On a recent episode of the Effectively Wild podcast, a possibly (probably?) apocryphal tale was discussed that went roughly as follows: In the late 1980s, Bo Jackson hit such a low, fast, line-drive-type home run to dead center that the pitcher at the time, Nolan Ryan, made an effort to try to catch the ball as it passed the mound. It was discussed whether or not it was possible for a pitcher to rob a batter of a home run this way; the consensus opinion was that this was something for the online baseball world's best physicist, Dr. Alan Nathan, to look into. While he would certainly do a better job of it than I'm about to, he does provide a trajectory calculation Excel file on his Physics of Baseball website that can provide an initial answer.
There are a number of variables that come into play here. Speed off the bat is important, of course. As a reference point, I searched around for the fastest-hit home run I could find. This lead me to an August Fagerstom post at FanGraphs about 2014's most extreme home runs and a ball hit by Cleveland's Zach Walters in late September. Walters' home run left the bat at 122 MPH, and since I'm trying to figure out if this is even possible at all I'm going to use that as my go-to exit velocity. Park dimensions are hugely important as well, of course; any home run ball that a pitcher has a chance at will also just barely clear the fence.
Using a variety of online sources, including the Seamheads ballpark database, I collected the centerfield distances and wall heights for all active parks (summarized in a table after this paragraph). Fenway is shortest at only 390 feet in center, but it's offset a bit by the wall being 17 ft tall there. The optimal stadiums for this to have a chance at happening look to be Petco (396 ft x 8 ft), AT&T (399 ft x 8 ft), and Camden Yards (400 ft x 7 ft). Horizontal launch angle was fixed at 0 degrees (that is, true dead center). Backspin on the ball is a hugely important factor in this, but for the sake of simplicity (and this is why Alan could do it better) I kept it fixed at the spreadsheet's default 1500 RPM (and ignored any other spin directions).

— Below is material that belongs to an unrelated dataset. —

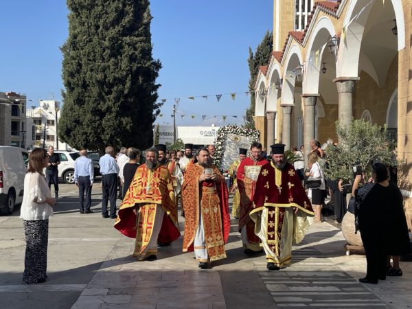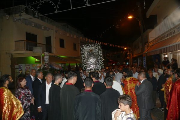 Το απόγευμα της Πέμπτης 2 Νοεμβρίου 2023, τελέστηκε ο Μέγας Πανηγυρικός Αρχιερατικός Εσπερινός χοροστατούντος του επιχώριου Μητροπολίτη Κωνσταντίας και Αμμοχώστου κ. Βασιλείου, συμπαραστούμενου από τον Πρωτοσύγκελλο Αρχιμανδρίτη Αυγουστίνο Κκαρά και το ιερατείο του ναού αλλά και των όμορων ναών, παρουσία των Δημοτικών Αρχών, εκπροσώπων των Σωμάτων Ασφαλείας και πλήθους κόσμου.

Lastly, the ball's height when hit plays an enormous role. The spreadsheet was preset to two feet when I opened it, but I quickly found out that in all but the most extreme circumstances there were no catchable balls hit at two feet, so I also looked at one foot high (the lowest pitch struck for a home run last year) and 0.2 feet (approximately the lowest a ball could be without being literally in the dirt). To judge catchability I looked at ball height when it passed over the pitching rubber itself, taking the mound height into account, and the parameter I varied to look for catchable home runs was vertical launch angle.
|Ballpark||CF Distance||CF Height||Altitude||Average Temp|
As I briefly mentioned above, at an initial height of two feet it takes some extremes to find a catchable ball. Coming off the bat at 122 MPH, a ball hit at a vertical launch angle (VLA) of 8.9 degrees will scrape the top of the fence at both Petco and Camden, and will pass over the pitching rubber at 10.097 feet roughly a third of a second after it's hit. Now, I have absolutely no information on the vertical leaping ability of major league pitchers, but I wouldn't put it past, say, 6'10" Chris Young to be able to get that much air. Any slower, though, and the ball won't clear the fence.

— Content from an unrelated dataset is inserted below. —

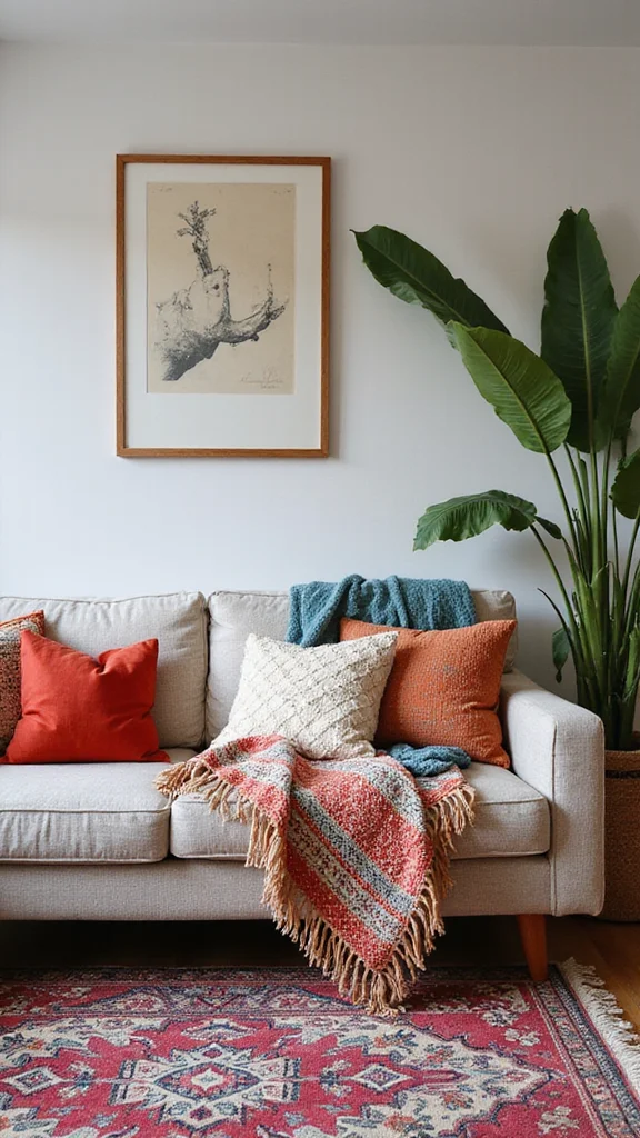 Layering textiles is an easy way to add warmth and style to your living room. Start with a neutral base, like a plain sofa or rug, then add different textured fabrics. Colorful throw pillows can instantly brighten up the space, while a cozy blanket draped on the sofa adds both comfort and flair.

Reducing the initial height to one foot opens the possibilities up a bit wider. Sticking with 122 MPH, a VLA of 9 degrees will leave the park at Petco only and will pass over the mound at just 9.2 feet (in about the same amount of time, a third of a second from impact). An extra half-degree of VLA raises the over-mound height to 9.7 feet - still potentially in range of many pitchers - while bumping the number of parks in which it's a home run to 16!
Dropping even further to the 2" initial height allows the VLA to be as much as 10.55 degrees while still passing less than 10 feet over the mound, leading to a home run in all parks except Chase Field, Marlins Park, and Minute Maid park. However, we may have left the realm of plausibility here with our 122 MPH, 10.55 degree VLA perfectly straight, 1500 RPM backspin home run hit basically in the dirt.
Actually, we might be well out of the realm of plausibility anyway with this whole thing. A 90 MPH pitch reaches the plate in just under half a second, and for all these low-trajectory hits the time it takes to return to the mound is about 0.35 seconds, so the total elapsed time from the pitcher's release of the ball is around 0.8 seconds. I don't know enough about human reaction times to say for sure whether it's possible for a pitcher to complete their follow-through, recognize the catchable line drive, and jump high enough accurately enough to actually catch the ball in such a short period of time, but I suspect it isn't.
So, the takeaway I hope you all get from this, then, is that from a strictly physics-of-a-batted-ball perspective it almost certainly is possible for a pitcher to be able to stop a home run, but from a practical perspective I doubt it could/will ever happen.